Battery metals like lithium and cobalt are generating a huge amount of interest right now, and according to Oreninc CEO Kai Hoffman, that interest is reflected in the number of financings they are doing.
Oreninc provides financial information on the junior commodities space, and according to Hoffman, the company’s data shows that so far $170 million in battery metals-related financings have closed in 2018.
“Gold is always omnipresent,” he said. “But it’s definitely the battery metals that are taking a lot of the limelight right now. [$170 million is] a massive increase from what we’ve seen. And obviously the retail interest is more in that sector as well.”
That said, Hoffman noted that retail interest in the mining space as a whole is on the low side right now. “I think we’re lacking quite a bit of retail interest in the space,” he commented. Nevertheless, he’s optimistic about the industry in 2018.
“The index — we’ve set the benchmark in January 2011. So once we get closer to that number, you’ll know we’re in a frothy market. We’re far from it and things are moving along great,” he concluded.

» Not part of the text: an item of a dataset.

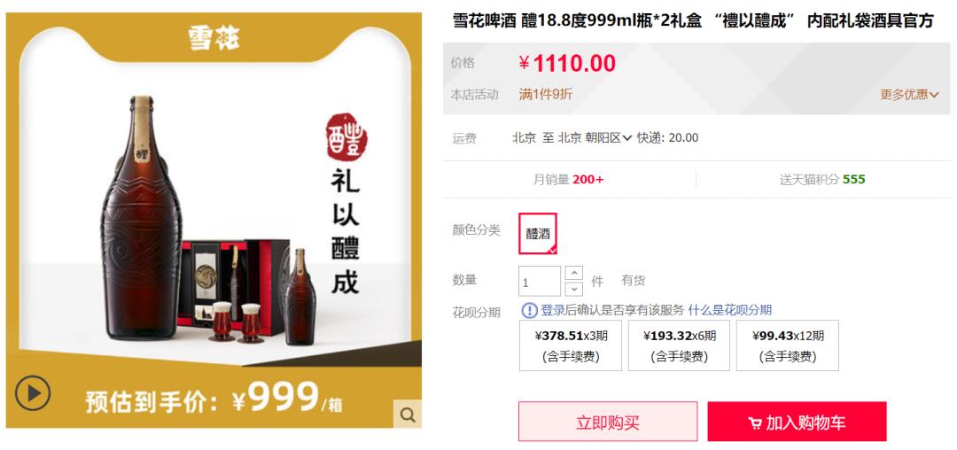 近年来,啤酒行业逐渐从增量市场转向存量市场,酒企开始在高端化发力。2021年,华润啤酒推出了单瓶定价超过500元的新品“醴”,仅以2瓶装礼盒出售。春节、情人节等传统消费季刚过,华润啤酒天猫旗舰店礼盒装“醴”的月销量仅有200+。业绩预告显示,华润啤酒2021年度预计归母净利为44亿至47亿,同比增速约为110%-124%。

Watch the video above for more insight from Hoffman. You can also read the transcript below or click here to view our full PDAC playlist.
INN: To start off, can you tell me a little bit about your company and what you do there?
KH: I’m the CEO of Oreninc, and we track all the financings in the junior mining space. Meaning we look at all the financings that are being announced and we put them on our website and track them — the opens, the closings, we update them regularly.
INN: Your research shows that a of couple weeks ago, we saw the lowest number of financings open since January 2016. What does that tell you about the resource space?
KH: I think we’re — I was very close to calling [that] we’re back in a bear market. But I think it seems more like a lull because we’ve done a little more research into that, and we’ve seen that a lot of financings haven’t been closed over the last couple months, especially January and February. And the numbers are exactly the same as in 2017. So we’ve seen roughly $650 million in financings closed in the space, and this year was the exact same number. Openings are slower. I think we’re lacking quite a bit of retail interest in the space for now.
INN: That’s interesting. I feel like coming into this show everybody was feeling quite optimistic — but the numbers are not telling us the same thing?
KH: No, the gold price is doing okay, we’re hanging in there over $1,300. So … there’s a justification of being optimistic. Companies have raised quite a bit of money in recent years or really the last 18 months, so they’ve got money to spend, they’ve got money to drill, so they’re happy and optimistic.
They’ve got stories to tell now again, right? And we’ve been lacking that in 2015. So companies are excited now. And yes, you’ll see it — more and more people here. I think the booths are being staffed more and more. There are more than — you know last few years, it was one or two people at the booths, now you see three, four, five people. That’s a big change.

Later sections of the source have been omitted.